Endowments and foundations are set to lead all institutional investors in asset growth, with projections showing they’ll surpass corporate defined benefit plans by 2026. At the same time, pressure to hit ambitious return targets amid declining student enrollment and limited resources is accelerating the migration to OCIOs.

Chris Swansey, an associate director at Cerulli Associates, told attendees at the Investments & Wealth Institute Strategy Forum in New York on Monday that endowments and foundations “are concerned about not meeting return targets,” which is “impacting their investment decision making.”

Cerulli projects nonprofit assets will grow about 7 percent annually, on track to reach $3.9 trillion by 2029. This growth is driven primarily by strong investment performance rather than contributions from donors and other fundraising.

As endowments confront new tax implications and legislative policies impacting their decision-making, student enrollment remains the top concern. With universities expecting a 15 percent drop in the enrollment of college-age students over the next four years, endowments fear this could significantly impact their financial health.

At the forum Institutional Investor attended, Swansey shared data from Cerulli and NACUBO showing that more than a third of endowments and foundations with at least $100 million in assets expect to increase their allocations to alternatives over the next 24 months.

The nonprofits “like the return patterns of alternative investments as a volatility dampener,” he said. Even though it's somewhat artificial because the assets are not marked to market, they like having that stabilization in returns.

“Not only does this help them… improve their investment returns it also helps smooth out volatility,” Swansey said.
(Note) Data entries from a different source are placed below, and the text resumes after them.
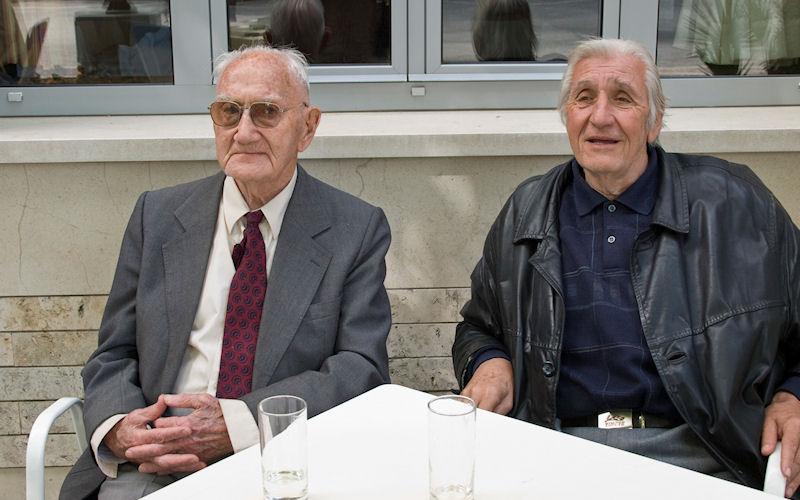 S druge strane Trga, pred Hotelom Narona, zatekli smo šjor Antu Gluščevića i šjor Dražena Pivca. Izgleda da je šjor Ante (koliko znamo) od jučer najstariji Metkovac jer smo baš jutros dobili vijest da je u 99. godini umro naš sugrađanin šjor Frane Dragović, godinu dana stariji od šjor Ante.
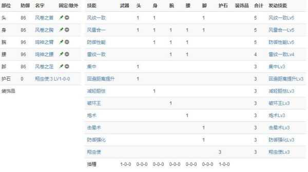 由于开荒时每个人获得的素材不一样,且不同位置提供的技能重叠很多,所以只提供重点关注的套装,不同散件看情况搭配。一路上可以渐渐做出翔虫珠和回距珠的装饰品,做出来就插进装备里。
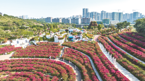 紅色的三角梅花海與城市高樓交相輝映。彭寰 攝
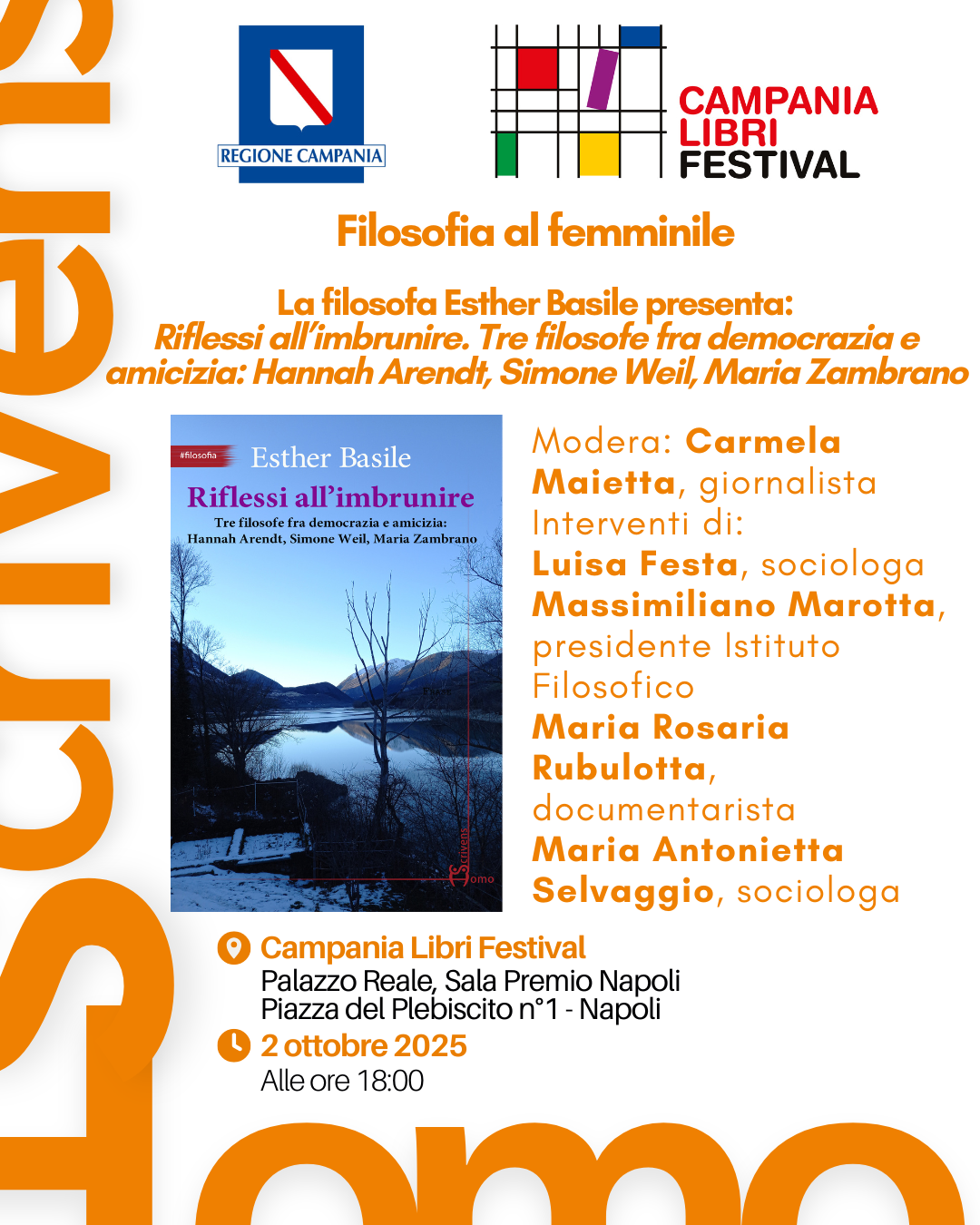 Esther Basile e Lello Marangio. La prima presenterà Riflessi all’imbrunire. Tre filosofe fra democrazia e amicizia: Hannah Arendt, Simone Weil, Maria Zambrano in un incontro dal titolo Filosofia al femminile. Ci si vede giovedì 2 ottobre alle 18:00 alla Sala Premio Napoli. A moderare i vari interventi, la giornalista Carmela Maietta. Assieme all’autrice, le sociologhe Luisa Festa e Maria Antonietta Selvaggio; Massimiliano Marotta, presidente Istituto Filosofico; Maria Rosaria Rubulotta, documentarista.

While smaller endowments with less than $50 million allocate most of their portfolios to public equities, this cohort of endowments still has a growing appetite for alternatives.
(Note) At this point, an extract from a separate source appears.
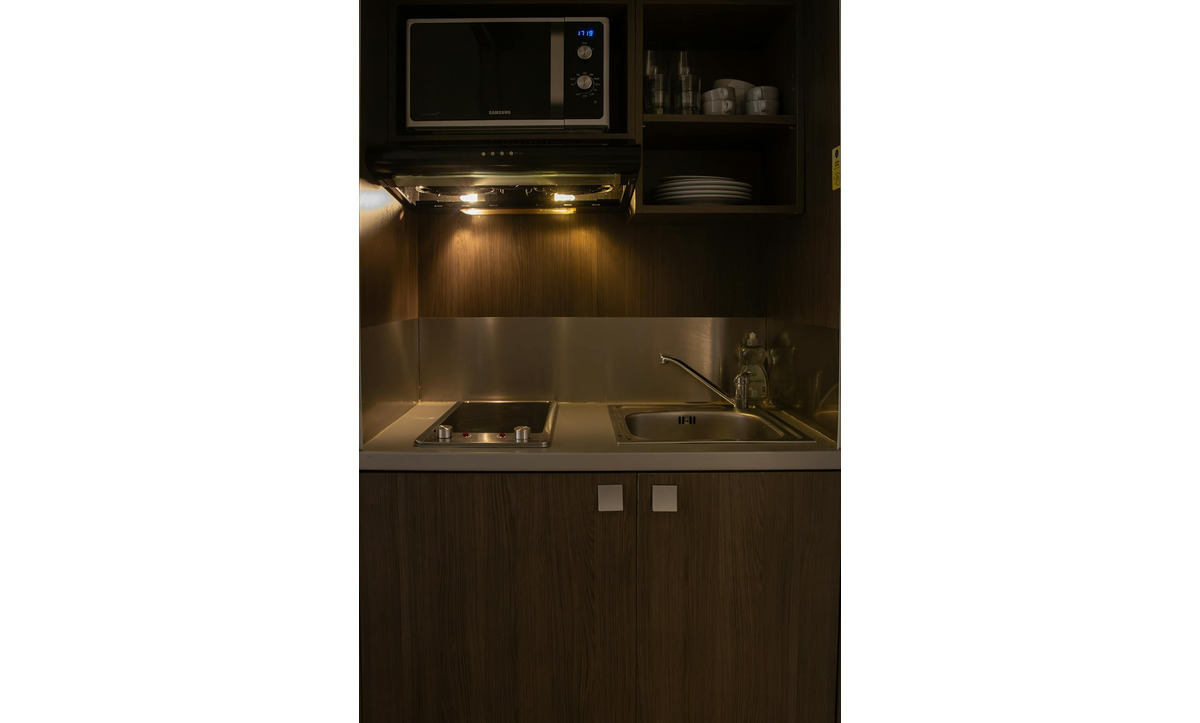 Verblijf in een studio voor 2 personen met een tweepersoonsbed en een praktisch keukentje met o.a. waterkoker, koffiezetapparaat, koelkast, magnetron en kookplaat. Handdoeken en haardrogers zijn aanwezig in elke eigen badkamer (douche of bad). Er is ook gratis WiFi.

Despite liquidity being a concern for the smaller endowments, “it's not driving investment behavior,” Swansey said, noting that endowments of all sizes are “moving up the risk spectrum in order to meet those return targets.”

Amid this need for higher returns, more nonprofit institutions are handing their portfolios to OCIO providers. As Swansey noted, about a quarter to a third of nonprofit assets are intermediated by an OCIO provider. That's expected to expand on the endowment side up to half, and on the foundation side, up to a third by 2029.
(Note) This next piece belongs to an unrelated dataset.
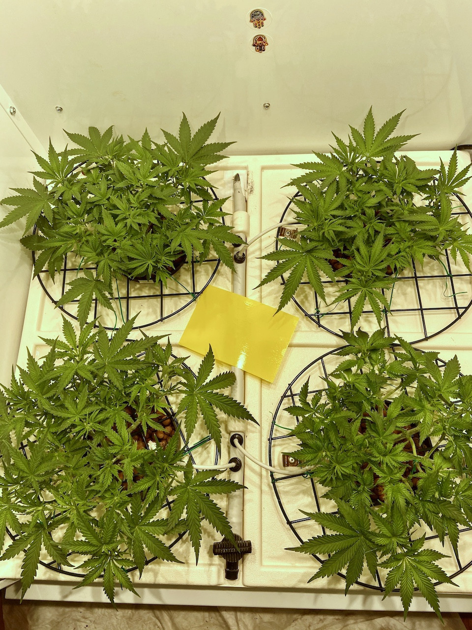 The two little bushes are Caramelicious feminized. Three weeks old. Real dark green leaves except for the bottom remaining 3 finger. It might have been a nute/pH issue because my neighbors Clear Blue Easy home pregnancy and pH meter is wonky. Perfect 6.5, one day. 8.5, the next. I have pH strips somewhere in the shipping ether.

Swansey cited three reasons endowments and foundations are adopting an OCIO provider: They don't have the resources to manage their portfolios internally, they want improved performance, and they want better access to alternatives. And those things “really go hand-in-hand,” he said.

As he explained it, allocators want better access to alternatives to improve their performance. But managing an alternatives portfolio constrains resources for in-house staff, leading them to outsource, even if it’s only a “portion of the investment process.”

OCIO providers can improve access to alternatives through commingled fund-of-fund structures where providers are giving their smaller clients access to high-performing alternative managers. “That's really resonated with endowments of all sizes,” Swansey said.

Nearly all OCIO providers are focused on the endowments and foundations channel for growing their asset base, with the most adoption coming from the $100 million to $500 million cohort. But Cerulli is also starting to see some movement down market as well, where many OCIO providers are now focused on that under $50 million space.

Swansey’s presentation was part of a larger session on the state of endowments and foundations.